Printable Version Enter a New Search
Bug ID 6317553
Synopsis Wrong fix implemented in 4877168 for dmfe Rx buffer unavailable messages.
State 10-Fix Delivered (Fix available in build)
Category:Subcategory kernel:driver-dmfe
Keywords 128 | RX_UNAVAIL_INT | Rx | buffers | chip_error_interrupt | dmfe | dmfe:dmfe_rx_desc | factotum_recover | onnv_triage | unavailable
Responsible Engineer Garrett Damore
Reported Against
Duplicate Of
Introduced In solaris_9
Commit to Fix snv_76
Fixed In snv_76
Release Fixed solaris_nevada(snv_76)
Related Bugs 4877168
Submit Date 30-August-2005
Last Update Date 29-October-2007
Description
Ericssons uses massive numers of CP2300s in GPRS infrastructure systems.

They have reported unusual high loss of network packets during load tests.
We have investigated this and come to the conclusion that the fix implemented in bug
4877168 does not address the source of the problem.

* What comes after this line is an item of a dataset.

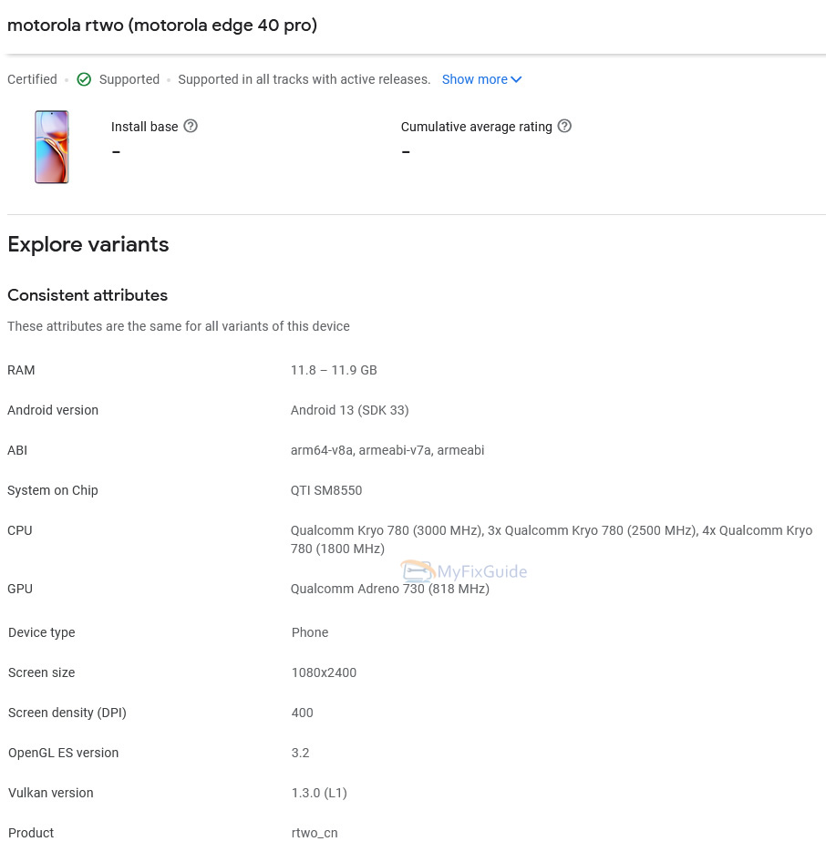 Google Play Console listing confirms Edge 40 Pro will support Google Services; that’s why it appears there. The device will also run Android 13 out of the box. Motorola will announce a possible launch window in an update soon.

It resets the chip and filter out 
the messages which just adds to the problem.

The core problem is that the chip runs out of ring buffers, and raises the RX_UNAVAIL_INT
interrupt. The number of ring buffers available by default is 32, and are tuneable 
(dmfe:dmfe_rx_desc) up to 256 buffers.

We believe that the cause of the problem is a too low default value of the ring buffers,
it should be set at 64 or 128, not 32. We have performed tests where 128 buffers was sufficient at ~9000/sec incoming 1000 bytes size UDP packets. We lost not one packet during 12 hours, compared to 2300 lost packets and 64 chip resets in 20 minutes when using the default 32 ring buffers.

The warning message "Rx buffer unavailable" should NOT be quiesced. Now the only
way to get a clue that something is unusual, is by detecting the kstat vars 
"chip_error_interrupt" and "factotum_recover" increment, no messages logged in /var/adm/messages and the knowledge that the messages for RX_UNAVAIL_INT is the only type of messages omitted for abnormal interrupts.

I see no evidence in the 4877168 that the numbers of ring buffers have been considered as a factor in the problem at hand.

Our customer rely primarily on Solaris 8, but are moving to Solaris 9 in the near future.

See Comments field as well ....
Work Around
Reset the driver (unplumb/plumb)
Comments
N/A